Stem rust is one of the most important diseases of wheat in Ethiopia. The damage caused by wheat stem rust can be more serious than any other cereal disease. It can destroy thousands of hectares of a healthy crop with a high yield potential in less than a month (Hailu et al., 2015).

The source of primary inoculum of stem rust that infects the new wheat crop in the season differs depending on the region in which the crop is grown (Roelfs, 1985a). The two basic sources of inoculum for cereal hosts are the uredio spores and aecio spores. The uredospore originates from infected volunteer plants grown in the fields or roadside and or from long distance transport within or outsides the epidemiological zones.

Yield losses due to stem rust are estimated to reach up to 100% on susceptible cultivars in the country (Hodson, 2013). In the past 20 years, severe epidemics of stem rust have been reported in major wheat growing regions of Ethiopia.

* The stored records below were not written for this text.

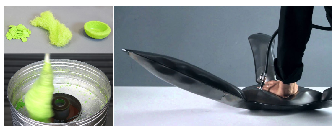
Figure 10. Repurposing and inventing tools and techniques may unlock novel material affordances: top left, fiberized and molded polypropylene waste; bottom left, Polyfloss Machine by A. Gaulard, N. Paget, C. Machet and E. De Visscher, Royal College of Art, London, 2012 (image source: The Polyfloss Factory Ltd.; reprinted with permission); right, metal inflating by Oskar Zieta, 2011 (image source: Zieta Prozessdesign; reprinted with permission).

Another instance of transgressing norms in material-driven design practices is searching for and discovering unorthodox material sources, such as waste animal blood (by Basse Stittgen), and urban smog (e.g., Smog Free Ring by Studio Roosegaarde,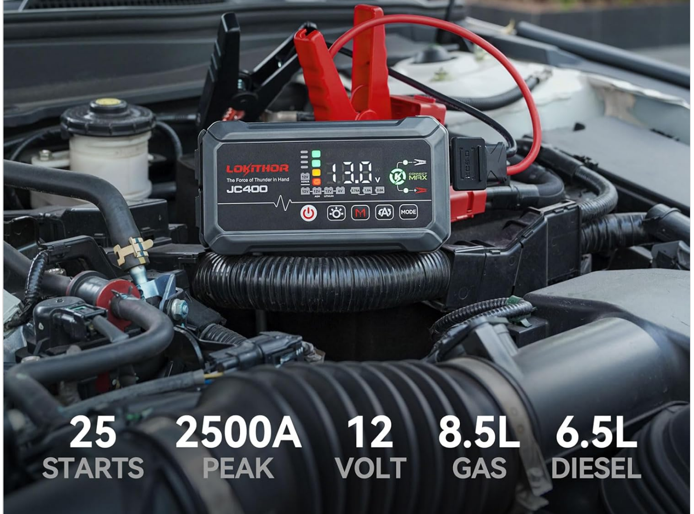
Image: The LOKITHOR JC400 connected to a vehicle battery, ready to jump start.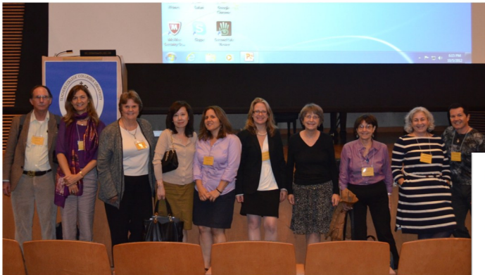
Speakers of the Symposium — world-renowned researchers in the field of second language acquisition

“[Interlanguage] holds deep implications for pedagogy and learning in a pluralistic education system.

According to Shank (1994), the continuous mono cropping of varieties like Enkoy and Lakech in 1993/94 in Oromiya region (Arsi and Bale) resulted in yield losses of 65-100% and a 1998 epidemic attacked the high yielding variety Kubsa and Shina, released in 1999 for north western Ethiopia. These varieties were forced out of production because of stem rust epidemics in 2001. Since then there have been no severe stem rust epidemics. But during the 2013/14 cropping season, the disease caused 100% yield losses in cultivar Digalu (a reportedly resistant variety to stem rust) in SNNPR and on the highlands of Oromiya region, (Olivera et al., 2015). The outbreak was recorded in high altitude areas (>2200 m.a.s.l), although stem rust mainly occurred in the low altitude areas of 1800 m.a.s.l, extending rust incidence to low, medium and high altitudes production areas. Therefore, the highlands of Oromiya, SNNP, Tigray, and Amhara regions are potential areas where wheat is predominantly cultivated and areas with frequent epidemic occurrence in the country (Hailu et al., 2015).

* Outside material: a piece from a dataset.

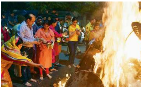
People participate in Holika Dahana at Sindhi colony as a part of Holi celebrations on Monday.

Stem rust is particularly a major production constraint in most wheat-growing areas of Ethiopia and the neighboring countries in east Africa, where yield losses of up to 100% have been reported (Olivera et al., 2015). Major stem rust epidemics occurred in Ethiopia in 1974 and 1993, when popular wheat varieties, such as „Lacketch‟ and „Enkoy‟ suffered major yield losses. Ug99 was first detected in Ethiopia in 2003 presenting a real threat to wheat production in the country. In 2013/14, a new stem rust race designated as TKTTF has caused

14 severe epidemic on variety „Digalu‟ carrying SrTmp in Ethiopia (Olivera et al., 2015). The continued evolution of new virulent races of the stem rust pathogen elucidates the dynamic challenges of breeding for stem rust resistance.

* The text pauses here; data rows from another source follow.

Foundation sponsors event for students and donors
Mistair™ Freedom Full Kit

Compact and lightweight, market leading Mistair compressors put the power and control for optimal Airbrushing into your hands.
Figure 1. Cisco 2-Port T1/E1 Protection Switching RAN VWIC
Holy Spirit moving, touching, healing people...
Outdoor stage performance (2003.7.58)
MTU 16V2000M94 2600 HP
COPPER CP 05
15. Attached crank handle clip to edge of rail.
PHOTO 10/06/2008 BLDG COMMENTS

2.8. Management of stem rust

2.8.1. Cultural practices

Several cultural methods can be used to reduce the intensity of an epidemic or provide long- term partial control. Some of the strategies listed below;

2.8.1.1. Elimination of green bridge between wheat crops

The term “green bridge” refers to weeds and other crop volunteers that promote growth and development of prevented pests and diseases in crop fields (Leonard and Szabo, 2005). Through these green bridges diseases like rusts survive between seasons. The importance of the green-bridge in carrying the disease from one crop to the next was emphasized by Zadoks and Bouwman (Zadoks and Bouwman, 1985). In the case of stem rust, triticale, barley and some grasses act as a green bridge. The green-bridge can effectively remove by tillage or herbicides. In addition, in Ethiopian condition, two cropping cycle (main and short season) is the main source of rust inoculum. This green bridge effect is mainly observed in Arsi and Bale zones of wheat growing areas.

2.8.1.2. Eradication of alternate host

Common barberry (Berberis vulgaris L.) is an alternate host for wheat stem rust and also can generate new races of stem rust (Jin et al., 2008). Eradication of barberry leads to delayed onset of stem rust disease in the fields, reduced initial inoculum level in fields, and fewer races due low frequency of evolution (Roelfs, 1985). In addition, successful eradication of barberry has reduced the influence of the sexual cycle on the disease (Dubin and John, 2009). Historically played an important role in sexual variability in Ethiopia and other countries including United States. The first barberry eradication program was started in Rounen, France (Roelfs, 1985a). The campaign to eradicate barberry in the U.S. started in 1918 (Campbell and Long, 2001) and eliminated from most of wheat growing areas in U.S, thereby reducing wheat rust epidemics in U.S. In Ethiopia, barberry is common especially in the northern part

15 of the country but less attention has been given to eradicate the plant (Personal communication).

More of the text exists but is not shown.